The effectiveness of the “three km” strategy is unclear also in the face of the fact that a large proportion of the poultry consists of numerous relatively small backyard flocks, rather than large commercial poultry farms. It is difficult to imagine how these birds, which scavenge through the day within short distances of the backyard to which they return at night, could carry infection to adjacent villages without human effort, or why such birds or their infected products may be moved from village to village by their owners and let loose there. Unless we have good evidence that this does happen, there does not appear to be sufficient ground for the assumption that all small flocks in a radius of three km are infected. It is not clear what has been hypothesised to be the mode of spread over three km. The outbreaks in multiple districts in West Bengal were certainly not contiguous and could well have been caused by movements of infected birds by their owners to far places in panic induced by the realisation that their flocks would soon be lost to culling. The probability of wild waterfowl carrying the infection from a shared pond at the epicentre and seeding faraway locations to cause “fresh” outbreaks is also significant, but it is not clear if this can explain the “three km” limit. The application of the “three km” strategy to an area dominated by backyard poultry may not be easy to justify. In fact, a similar argument can be made for large poultry farms as well.

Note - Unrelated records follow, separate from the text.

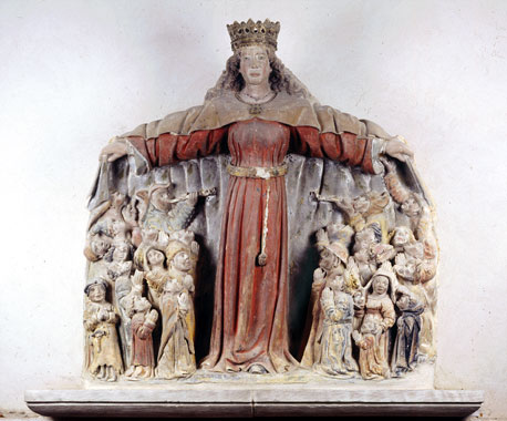 Dès le XVe siècle, l’image de la Vierge au manteau connaît un immense succès, la Mater omnium, « Mère de tout et de tous », abritant la foule des chrétiens à l’ombre de son manteau, appelée encore Vierge de miséricorde. Des artistes de renom y déploient leurs talents : Francesco Lippi, Ghirlandaio, Holbein le Jeune... Jean-Paul II nous explique ce qu’est ce manteau : « Pour nous qui vivons sur cette terre, pour nous, pauvres fils d’Ève en exil, vous avez pour manteau le soleil du Christ depuis Bethléem jusqu’à Nazareth, depuis Jérusalem et le Calvaire. Vous êtes revêtue du soleil de la Rédemption de l’homme et du monde par la croix et la Résurrection de votre Fils. [2] » C’est la Vierge-du-Bon-Secours, la Mère-de-Toutes-Grâces et de Toutes-Joies...
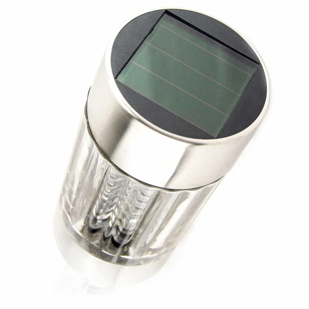 - 17โ x 2.5โ Solid glass solar light w/stainless steel stem
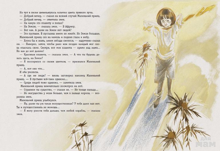 Одним из первых художников, который создал иллюстрации к Маленькому принцу, отличные от рисунков самого автора, была великолепная Ника Гольц. Ее светлый и трогательный Маленький принц словно рождается из путешествия под звездами и гармонично соседствует с рисунками самого Сент-Экса, вызывая у читателей бесконечную эмпатию. В этом образе - маленького земного мальчика - она разглядела космические черты, так созвучные ее собственному представлению о герое Экзюпери

A preventable economic disaster?

This also brings into question the validity of the economic argument for the mass culling of this kind. The generally understood and primary rationale for culling is that you cull some of the fowl in the vicinity of the proven infection, which are usually recognised from sudden mass deaths of fowl, in order to save the rest. When we consider that far lesser culling, such as that recommended in the FAO manual, might have been as effective, we are faced with the uncomfortable probability that this has been a preventable economic disaster. The alternative strategy in fact seems to make far more economic sense: cull in one village and cull more if and when there is evidence of infection elsewhere. This should allow the payment of higher compensation for culling, encourage the reporting of bird deaths early, discourage false reporting, reduce the panic and thus the wild spread, and save hugely on the mobilisation of resources for culling and disinfection. Simultaneously, exhorting people to keep their poultry confined to the backyards until the danger has passed may find more takers than mass culling does. Such an approach may appear to prolong the epidemic but could considerably reduce net losses of all kinds.

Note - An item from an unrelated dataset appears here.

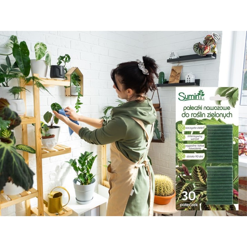 Sumin Grünpflanzen- und Palmen Düngestäbchen - 30 Stück - Universaldünger - Düngestäbchen für Grünpflanzen, Zimmerpflanzen und Balkonpflanzen - Langzeitdünger - 3 Monate Düngekraft
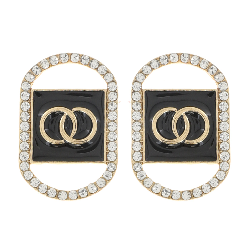LINKED CIRCLES - OPEN DOG TAG CRYSTAL RHINESTONE PAVE ENAMEL COATED EARRINGS

Finally, the impression given is that mass culling will minimise the risk of human infection, such as by saying that this is being done to protect the people. Careful, early culling of infected birds certainly will protect humans but in a mass campaign such as this, there is a greater likelihood of people coming into closer contact with fowl when they are catching and handing them over, when they crowd to watch the culling, as has been reported in the press (5), or when they gather their infected flock and flee. Also, mass culling does not significantly diminish the likelihood of the dreaded mutation to human influenza.

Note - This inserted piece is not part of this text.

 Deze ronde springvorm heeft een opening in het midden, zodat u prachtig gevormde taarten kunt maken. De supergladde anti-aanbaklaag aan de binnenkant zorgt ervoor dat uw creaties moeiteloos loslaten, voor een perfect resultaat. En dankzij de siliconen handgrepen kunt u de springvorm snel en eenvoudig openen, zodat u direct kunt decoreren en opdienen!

Actions for the good of the poor

If culling is largely an economic intervention, it is worth considering whether the poor, who own much of the poultry being destroyed, might make somewhat different decisions if they had the choice. They may be ready to take the very slightly greater risk of infecting themselves by choosing to live on with birds having a marginally greater likelihood of being infected. For instance, imagine what decision a poor household in the “three km” zone may make when presented the following choice: either give up your bird for two thirds of its market price and enjoy a probable reduction in risk of your becoming infected from three per 1,000 to 1 per 1,000, or live with the bird who has a 90 per cent chance of not being infected but with a three in 1,000 chance of your becoming infected, if the bird turns out to be infected. These numbers are of course as hypothetical as the question itself, but may not be far from the truth. The poor take far greater risks in their daily lives. When we take such decisions on their behalf, how do we judge if we are really acting for their good? From whose perspective? At whose cost? To save whose costs?

A lot of this may of course be retrospective wisdom, and it must be acknowledged that the authorities exerted tremendous effort and resources to check the epidemic. It was the first experience for the state and there was considerable public pressure, fed by media reports, to “do something” in the face of the epidemic. The early reports of bird death were apparently long delayed and mishandled, not entirely due to the fault of decision makers, leading to the situation getting out of hand. At the end of it all, it must surely be galling for the authorities to be accused of not having done enough.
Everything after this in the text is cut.